__INSTRUCTIONS TO FOLLOW__
Print word for word whatever lies between the first line of the material and the line holding "This range of", both included, and omit all pictures.

__DATA SEGMENT__

--

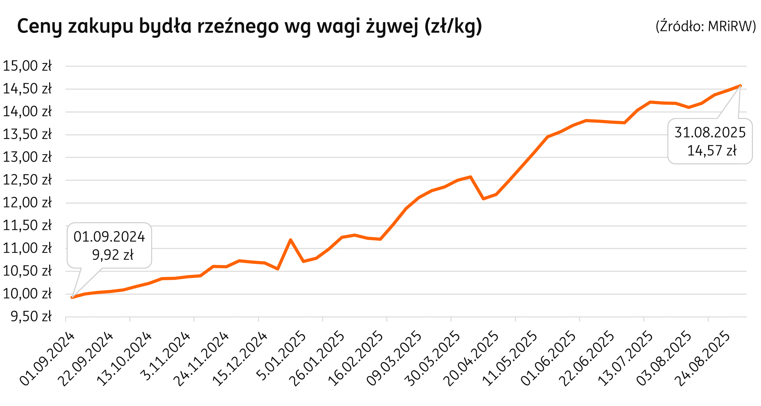 Ceny żywca wołowego kontynuują trend wzrostowy i osiągają kolejne maksima cenowe. Wynika to między innymi z ograniczonej podaży. Wskazuje na to opracowanie Głównego Urzędu Statystycznego, zgodnie z którym według stanu na czerwiec 2025 r. pogłowie bydła zmniejszyło się o 3% r/r do ponad 6,1 mln szt. Redukcji podlegały wszystkie grupy wiekowe zwierząt. Największy udział w strukturze mają cielęta poniżej 1 roku. Niemal 20% wszystkich sztuk bydła koncentruje się w województwie wielkopolskim.
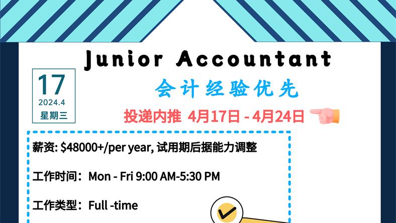 【168新岗】士嘉堡石材公司招聘Junior Accountant 1名
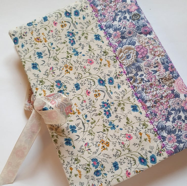 This range of work is entitled Taking Libertys with Others - this is a pink patchwork covered notebook, with a ribbon tie at the side. Hope you will check out the blue ones I have also listed.
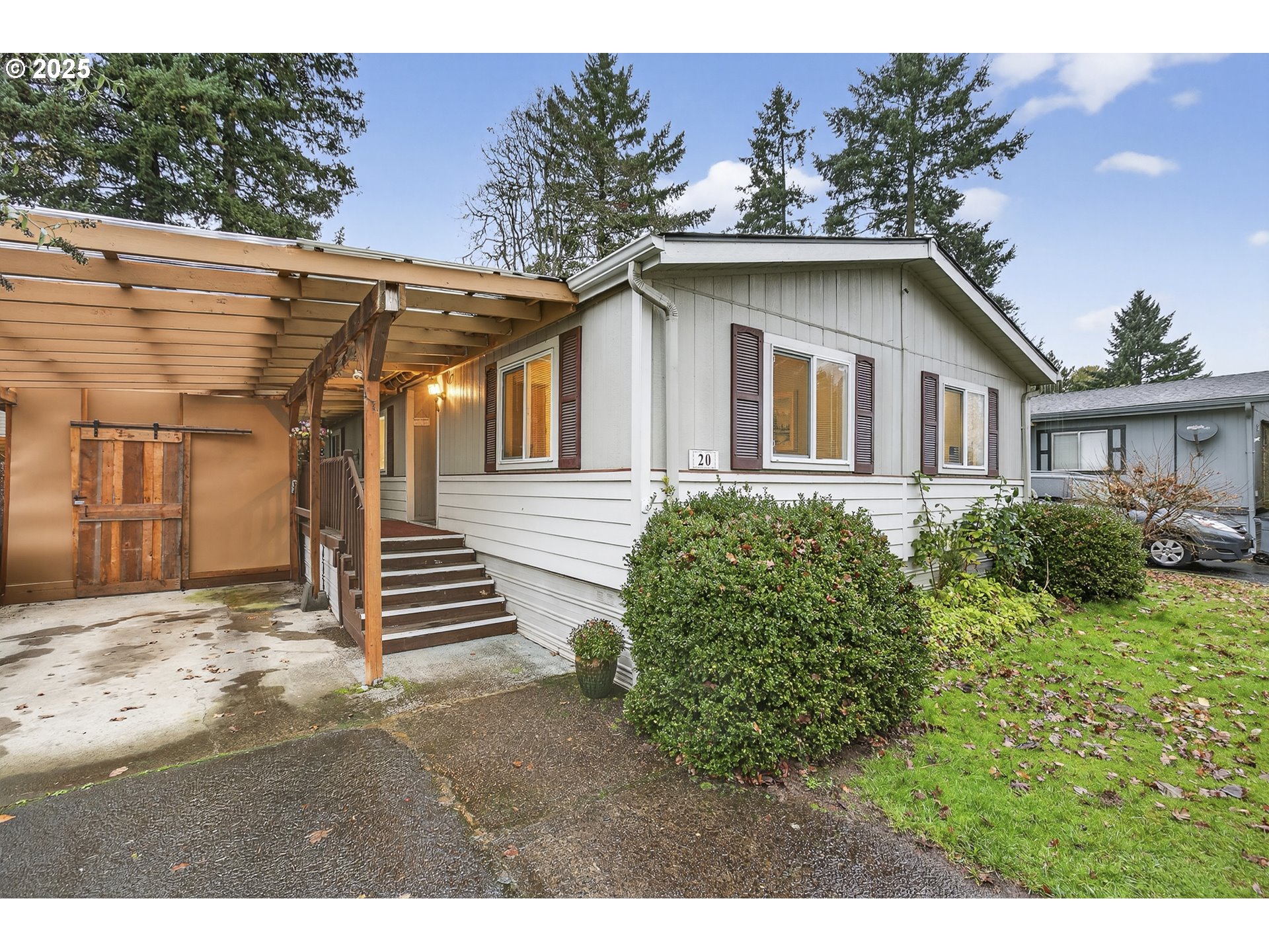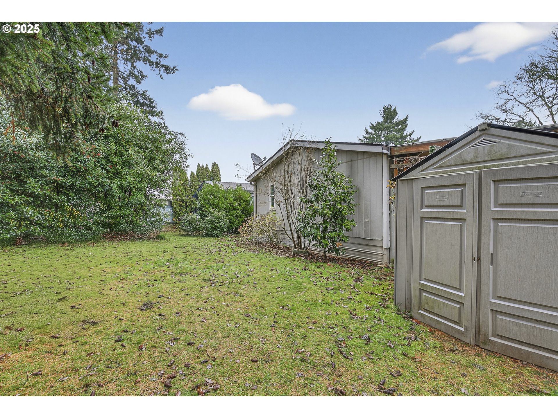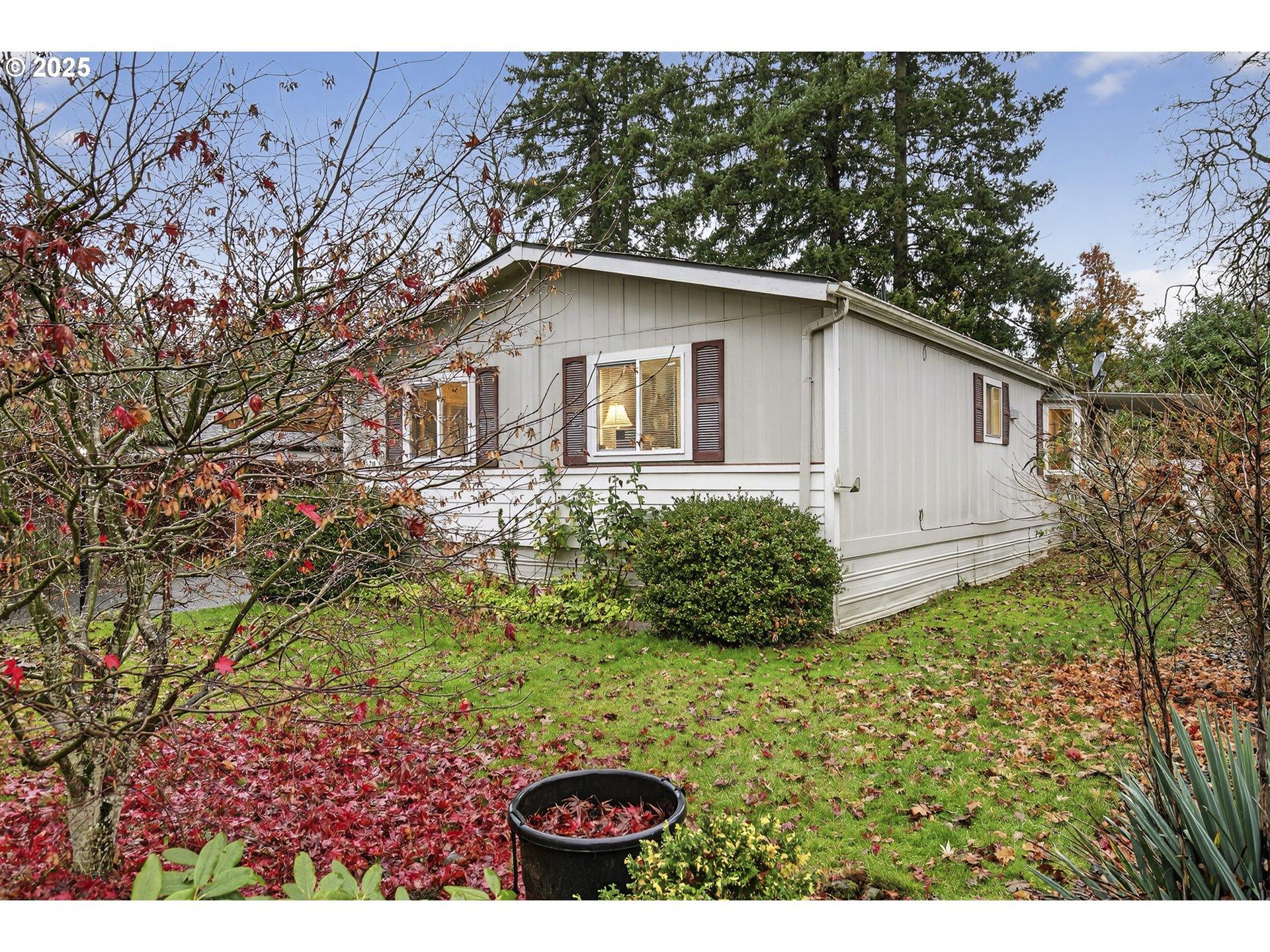 Discover comfortable living in this 1,147 sq ft double-wide manufactured home, built in 1982. The bright, functional floor plan offers 3 bedrooms and 2 full bathrooms, including a primary bedroom with an in-suite bath. The interior features a spacious living area with vaulted ceilings and a defined, bright dining area complete with a lovely bay window. The kitchen is easily accessible and ready for your personal touch. Exterior features are a major highlight: the home sits on a corner lot and boasts an expansive, fully covered porch perfect for outside relaxation. Storage is plentiful with both outside tool storage and an additional storage shed in the backyard. This home is ideally situated right next to the community clubhouse, providing easy access to all park amenities.

--

__ANSWER SPACE__
 Ceny żywca wołowego kontynuują trend wzrostowy i osiągają kolejne maksima cenowe. Wynika to między innymi z ograniczonej podaży. Wskazuje na to opracowanie Głównego Urzędu Statystycznego, zgodnie z którym według stanu na czerwiec 2025 r. pogłowie bydła zmniejszyło się o 3% r/r do ponad 6,1 mln szt. Redukcji podlegały wszystkie grupy wiekowe zwierząt. Największy udział w strukturze mają cielęta poniżej 1 roku. Niemal 20% wszystkich sztuk bydła koncentruje się w województwie wielkopolskim.
 【168新岗】士嘉堡石材公司招聘Junior Accountant 1名
 This range of work is entitled Taking Libertys with Others - this is a pink patchwork covered notebook, with a ribbon tie at the side. Hope you will check out the blue ones I have also listed.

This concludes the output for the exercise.